The search for techniques to electrically activate the dopant impurities in semiconductors with high efficiency and/or at high concentrations have always been an essential aspect of semiconductor device technology. However, despite continuing developments, the achievable maximum concentration of active dopants remains limited. These important structures had been previously investigated using both theoretical and experimental approaches. However, direct observation of the 3-D structures of the dopant atomic arrangements have hitherto been difficult to achieve.

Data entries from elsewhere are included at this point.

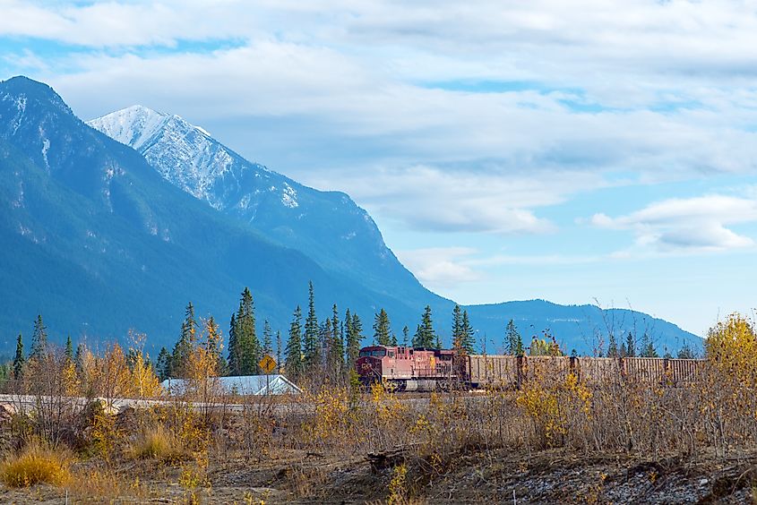 ブリティッシュコロンビア州ゴールデンを通過する列車。
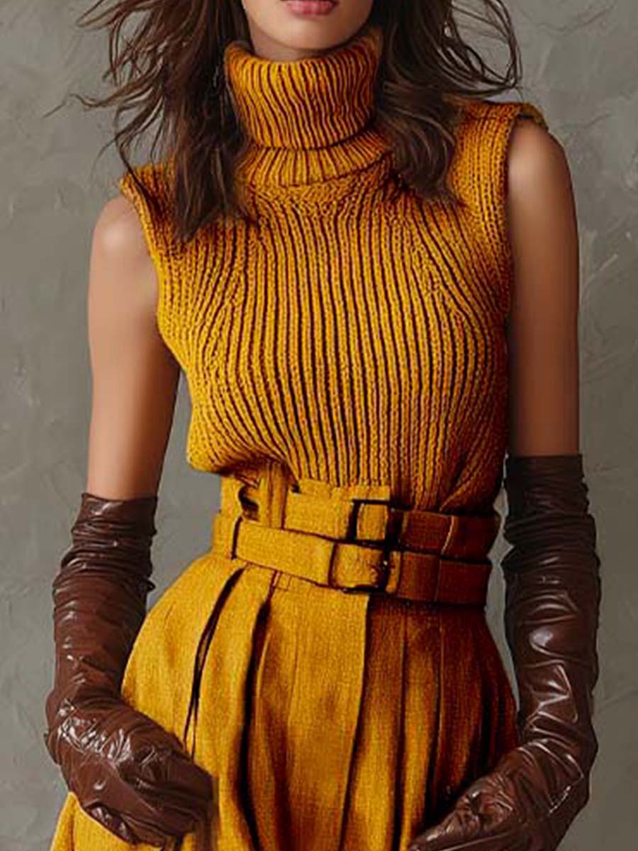 A statement-making set that blends bold color with timeless elegance. The sleeveless ribbed turtleneck knit top offers a sleek, body-skimming silhouette, while the high-waisted wide-leg pants create effortless volume and movement. Finished with a matching double-buckle belt to define the waist, this set is perfect for making an entrance — whether at a fall brunch or an evening event.
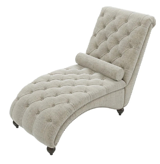 Chaise Lounge: Linen Upholstered Classic Chaise Lounge With Tufted Button

In this study, Kazuo Tsutsui at Tokyo Tech and colleagues developed spectro-photoelectron holography using SPring-8, and leveraged the capabilities of photoelectron holography in determining the concentrations of dopants at different sites, based on the peak intensities of the photoelectron spectrum, and classified electrically active / inactive atomic sites. These structures are directly related to the density of carriers. In this approach, soft X-ray excitation of the core level electrons leads to the emission of photoelectrons from various atoms, whose waves are then scattered by the surrounding atoms. The resulting interference pattern creates the photoelectron hologram, which may then be captured with an electron analyzer. The photoelectron spectra acquired in this manner contain information from more than one atomic site. Therefore, peak fitting is performed to obtain the photoelectron hologram of individual atomic sites. The combination of this technique with first-principles simulations allows the successful estimation of the 3-D structure of the dopant atoms, and the assessment of their different chemical bonding states. The method was used to estimate the 3-D structures of arsenic atoms doped onto a silicon surface. The obtained results fully demonstrated the power of the proposed method and allowed confirmation of several previous results.
This work demonstrates the potential of spectro-photoelectron holography for the analysis of impurities in semiconductors. This technique allows analyses that are difficult to perform with conventional approaches and should therefore be useful in the development of improved doping techniques and, ultimately, in supporting the manufacture of high-performance devices.